Eles estimam que cerca de 15 pessoas já foram mortas somente neste ano. Também forjam crimes colocando drogas em mochilas de jovens e “arregaçam” moradores que estão na rua, além disso, foi dito à reportagem que os policiais xingam mulheres de “vagabundas” e ameaçam os moradores de morte frequentemente.
Samir Angelo, 35 anos, líder comunitário do Jóquei Club, conta que o bairro é composto por mais de 50 mil pessoas e que a rotina das pessoas mudou. “Não pode ir num bar, não pode fazer nada, pessoal te chama pra almoçar, você não vai com medo de que possa acontecer uma reação, algumas coisas que não foram previstas.”
O mesmo ocorre na Vila Lindóia, em Santos, como aponta Juliana Ramos. “A comunidade está oprimida, com medo, eles voltam de comboio, param os ônibus, até os ônibus escolares, ninguém mais é feliz”, relata.
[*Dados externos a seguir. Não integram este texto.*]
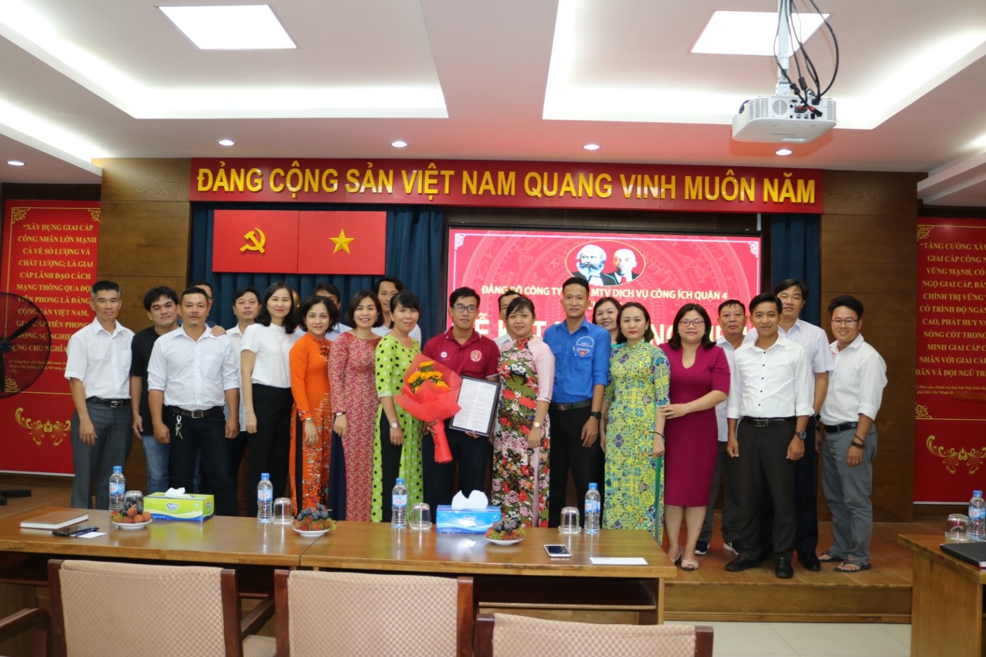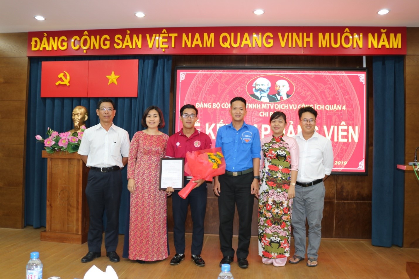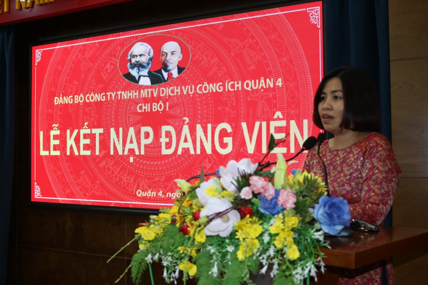 Vào lúc 14 giờ 00, thứ hai, ngày 01 tháng 7 năm 2019 tại Hội trường Công ty TNHH Một thành viên Dịch vụ Công ích Quận 4, được sự nhất trí của Đảng ủy Công ty, Chi bộ 1 tổ chức Lễ kết nạp đảng viên đối với đoàn viên công nhân Nguyễn Trung Tín công tác tại Phòng Dịch vụ Công ích và Môi trường trong không khí trang trọng, đúng trình tự, thủ tục của Điều lệ Đảng. Buổi lễ vinh dự đón tiếp sự hiện diện của đồng chí Trần Mai Chí – Bí thư Quận đoàn 4, đồng chí Lê Thị Ái Thu – Phó Bí thư Đảng ủy Công ty, đồng chí Trần Vân Nam – Phó Giám đốc Công ty và đồng chí Nguyễn Hoàn Tâm – Bí thư Đoàn TNCS Hồ Chí Minh Công ty cùng đại diện Cấp ủy các chi bộ trực thuộc Đảng bộ và toàn thể đảng viên chi bộ 1 về tham dự.

Irmãs do auxiliar de serviços gerais Jefferson Ramos Miranda, morto aos 37 anos, no Morro São Bento, em Santos, Juliana e Carol Ramos denunciaram a execução do irmão, na noite de 9 de fevereiro. O caso foi revelado pela Ponte.
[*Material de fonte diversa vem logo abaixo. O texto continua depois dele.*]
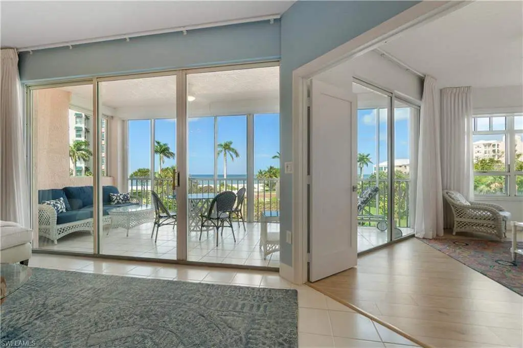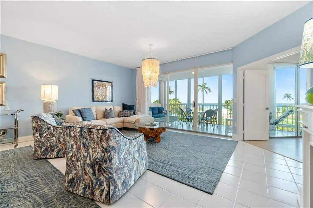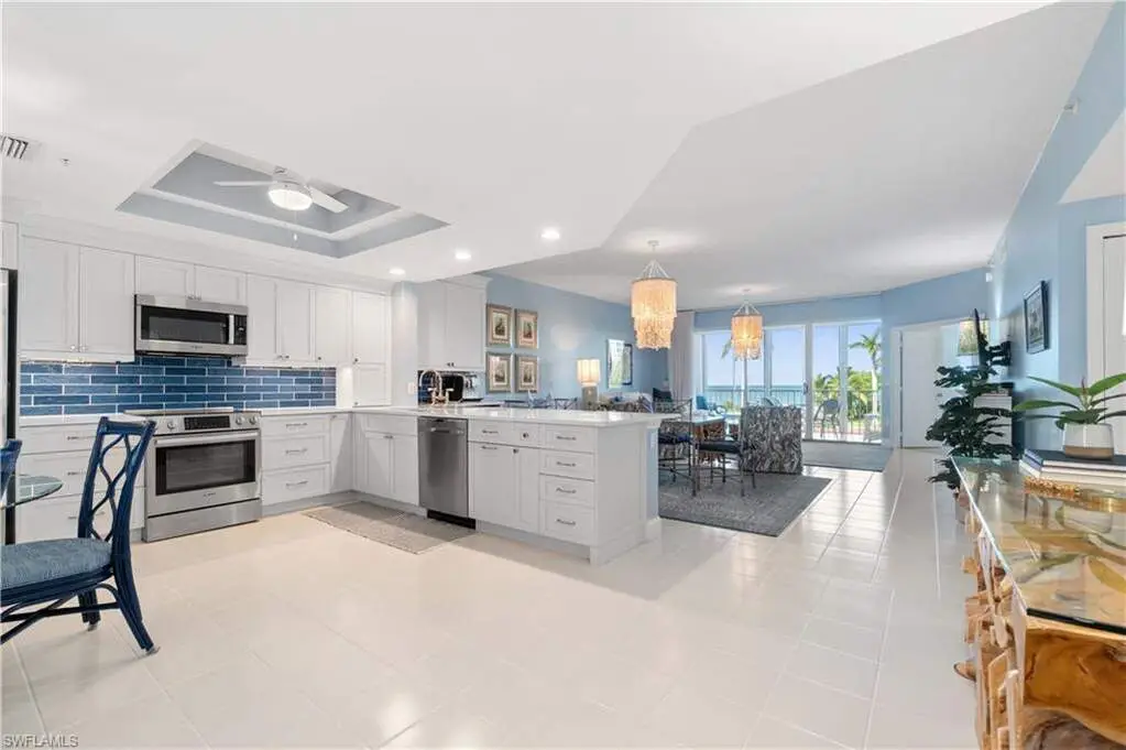 Beautifully renovated condo with spectacular Gulf views offered in coveted Barefoot Beach Club! Uniquely located in the only building on the bayside of Barefoot Beach with unobstructed Gulf views AND West-facing balconies for breathtaking sunsets over the Gulf of Mexico. This 2 bed/2 bath coastal delight features an open floor plan, electric storm shutters, and tile flooring. The screened-in lanai invites in the sound of the surf from the Gulf of Mexico and offers breathtaking sunsets from the comfort of your own home. The expansive chef's kitchen offers white quartz countertops, white cabinetry, ocean blue tiled backsplash, high-end Bosch appliances, breakfast bar and has an open concept for endless Gulf views. Perfect for entertaining, this condo offers dual dining areas & an adjacent built-in bar with wine cooler. The spacious primary bedroom has breathtaking views of the Gulf, private entry to the lanai, an office nook, and a beautifully updated bathroom with dual vanities, a large closet, and a frameless glass shower enclosure with multiple showerheads. Nearby to the NEW CLUBHOUSE with state-of-the-art fitness center & resort-style pool. Barefoot Beach residents enjoy 3 miles of beach, 2 pools/spas, manned/gated entry & on-site mgmt. OPTIONAL "Club at Barefoot" offers, tennis, 2 restaurants & beachside food/bev/chair service. Excellent Collier County location minutes to Mercato, Waterside & easy access to RSW Airport.
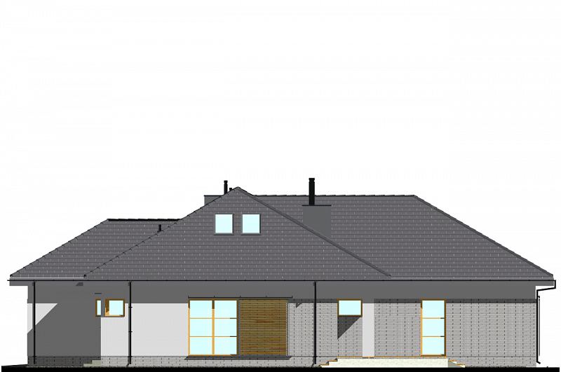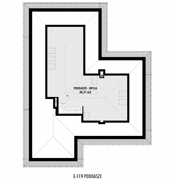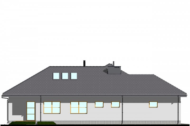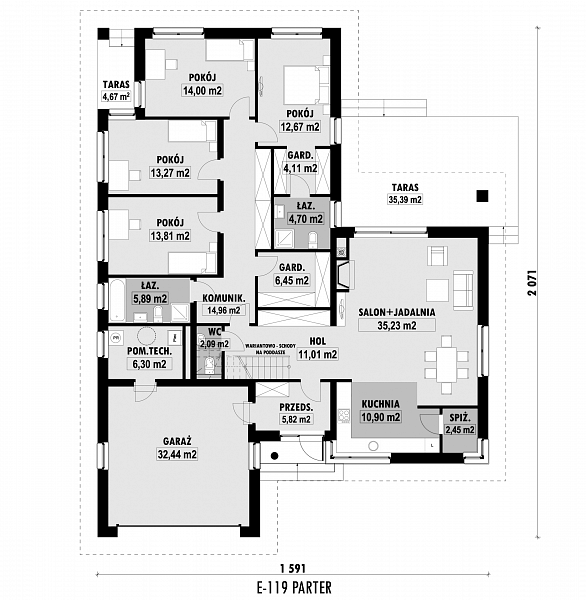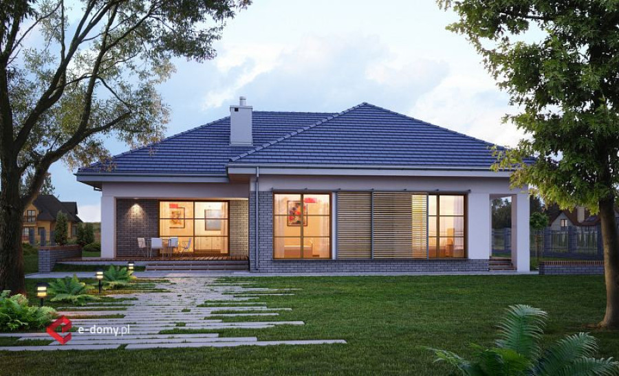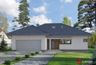 Projekt dużego, nowoczesnego domu z czterospadowym dachem, największego z rodziny projektów E-114 - E-119. Dom E-119 to prosta bryła połączona z rozbudowanym układem funkcjonalnym. W części dziennej zaplanowano salon z jadalnią oraz półotwartą kuchnię ze spiżarnią. Znajduje się tu również WC. W części sypialnej zaplanowano 4 sypialnie (w tym jedną z garderobą oraz łazienką), łazienkę z wanną i prysznicem oraz dużą garderobę, czyli wszystko, co jest niezbędne dla dużej rodziny. Wysokość pomieszczeń parteru wynosi 2,95m. Atutem domu jest bardzo łatwa możliwość zaadaptowania poddasza. Na poddaszu pokazujemy wariantową powierzchnię możliwą do zaadaptowania.
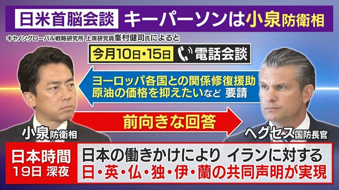 求めとしては「今アメリカはかなり困った状況にある」と、かなり原油も高騰し国際的にも孤立していると。トランプ大統領自体もすねたようなコメントをしたという中で、小泉氏に何を頼んだかというと、「ぜひヨーロッパ諸国とまとめてほしい」「首脳会談ではあまり個別の具体的な、どういう艦船を出してくれなどは言わないから、前向きなメッセージは出してほしい」ということで。為替相場、原油市場も安定させる、共同声明もまとめるという所に動いたと。

Segundo elas, Jefferson e o amigo Leonel Andrade Santos conversavam na comunidade, por volta das 21h, quando Jefferson foi baleado no tórax por policiais militares do 4º Batalhão de Choque, do Comando de Operações Especiais (COE).
Segundo o boletim de ocorrência, a dupla foi alvo de sete tiros disparados pelos PMs Valci José Gouveia de Jesus e Rahoney de Paula Vieira.
Segundo a polícia, os amigos estariam supostamente armados e teriam disparado contra os policiais. Além disso, segundo o documento policial, Jefferson e Leonel portavam drogas em uma sacola plástica.
Ainda de acordo com a versão dos policiais, Jefferson e Leonel foram socorridos até a Santa Casa de Santos, mas não resistiram.
Por outro lado, Juliana afirma que o irmão não era envolvido com o crime e que não foi socorrido pelos policiais imediatamente.
“Ele ficou agonizando no chão, eles deram coronhadas na cabeça dele, eles tiraram massa encefálica da cabeça do meu irmão e ele teve uma parada cardiorrespiratória às 22h20, sendo que o tiro que ele tomou foi às 21h.”
Beatriz da Silva Rosa, 29 anos, esposa de Leonel Andrade Santos, chorou ao lembrar da falta do marido e da situação dos três filhos do casal. “Eles estão passando no psicólogo e tudo só não está adiantando. O meu mais velho entende um pouco, mas os outros dois todo dia é uma luta para dormir, eles não querem comer direito, então está bem difícil porque eles querem o pai.”
O que diz o governo
Questionada, a assessoria de imprensa da Secretaria da Segurança Pública de São Paulo enviou a seguinte nota:
As forças de segurança do Estado de São Paulo são instituições legalistas que atuam no estrito cumprimento do seu dever constitucional. É importante esclarecer que nenhum relato citado pela reportagem foi formalizado junto às corregedorias das polícias, que estão à disposição para apurar toda e qualquer denúncia contra agentes públicos, reafirmando o compromisso com a legalidade, os direitos humanos e a transparência.
Os casos de Morte Decorrente de Intervenção Policial (MDIP) são consequência direta da reação violenta de criminosos à ação da polícia no combate ao crime organizado, que tem presença na Baixada Santista e já vitimou três policiais militares desde 26 de janeiro. A opção pelo confronto é sempre do suspeito, colocando em risco a vida do policial e da população.
Todas as ocorrências de mortes em confronto tiveram apreensão de armas usadas pelos criminosos para atacar os agentes de segurança. Os casos são rigorosamente investigados pela Polícia Civil e Militar, com acompanhamento do Ministério Público e Poder Judiciário.